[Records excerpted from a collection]
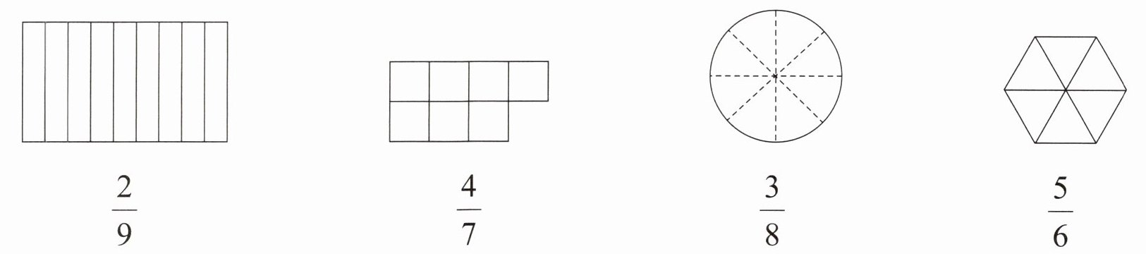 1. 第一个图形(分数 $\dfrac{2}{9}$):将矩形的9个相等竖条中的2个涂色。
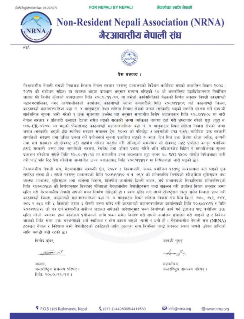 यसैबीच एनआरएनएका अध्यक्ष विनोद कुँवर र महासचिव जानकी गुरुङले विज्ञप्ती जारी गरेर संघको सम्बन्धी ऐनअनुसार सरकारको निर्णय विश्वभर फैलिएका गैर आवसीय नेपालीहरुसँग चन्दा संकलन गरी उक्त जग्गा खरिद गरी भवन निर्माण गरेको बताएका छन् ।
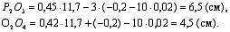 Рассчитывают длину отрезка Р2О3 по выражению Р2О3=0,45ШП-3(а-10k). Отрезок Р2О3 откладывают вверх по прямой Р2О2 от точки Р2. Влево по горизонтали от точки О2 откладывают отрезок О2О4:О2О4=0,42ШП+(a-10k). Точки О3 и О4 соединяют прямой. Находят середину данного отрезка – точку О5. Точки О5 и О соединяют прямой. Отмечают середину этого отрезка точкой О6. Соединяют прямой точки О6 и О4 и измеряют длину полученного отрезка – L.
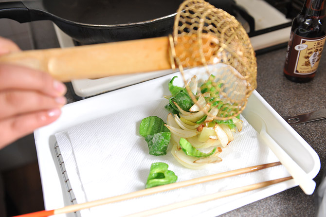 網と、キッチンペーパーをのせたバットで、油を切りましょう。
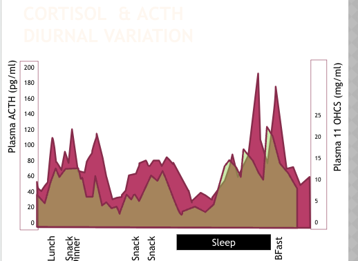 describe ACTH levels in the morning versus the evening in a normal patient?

[Aim of the task]
The records above are to be repeated exactly, apart from their pictures.

[Expected answer]
 1. 第一个图形(分数 $\dfrac{2}{9}$):将矩形的9个相等竖条中的2个涂色。
 यसैबीच एनआरएनएका अध्यक्ष विनोद कुँवर र महासचिव जानकी गुरुङले विज्ञप्ती जारी गरेर संघको सम्बन्धी ऐनअनुसार सरकारको निर्णय विश्वभर फैलिएका गैर आवसीय नेपालीहरुसँग चन्दा संकलन गरी उक्त जग्गा खरिद गरी भवन निर्माण गरेको बताएका छन् ।
 Рассчитывают длину отрезка Р2О3 по выражению Р2О3=0,45ШП-3(а-10k). Отрезок Р2О3 откладывают вверх по прямой Р2О2 от точки Р2. Влево по горизонтали от точки О2 откладывают отрезок О2О4:О2О4=0,42ШП+(a-10k). Точки О3 и О4 соединяют прямой. Находят середину данного отрезка – точку О5. Точки О5 и О соединяют прямой. Отмечают середину этого отрезка точкой О6. Соединяют прямой точки О6 и О4 и измеряют длину полученного отрезка – L.
 網と、キッチンペーパーをのせたバットで、油を切りましょう。
 describe ACTH levels in the morning versus the evening in a normal patient?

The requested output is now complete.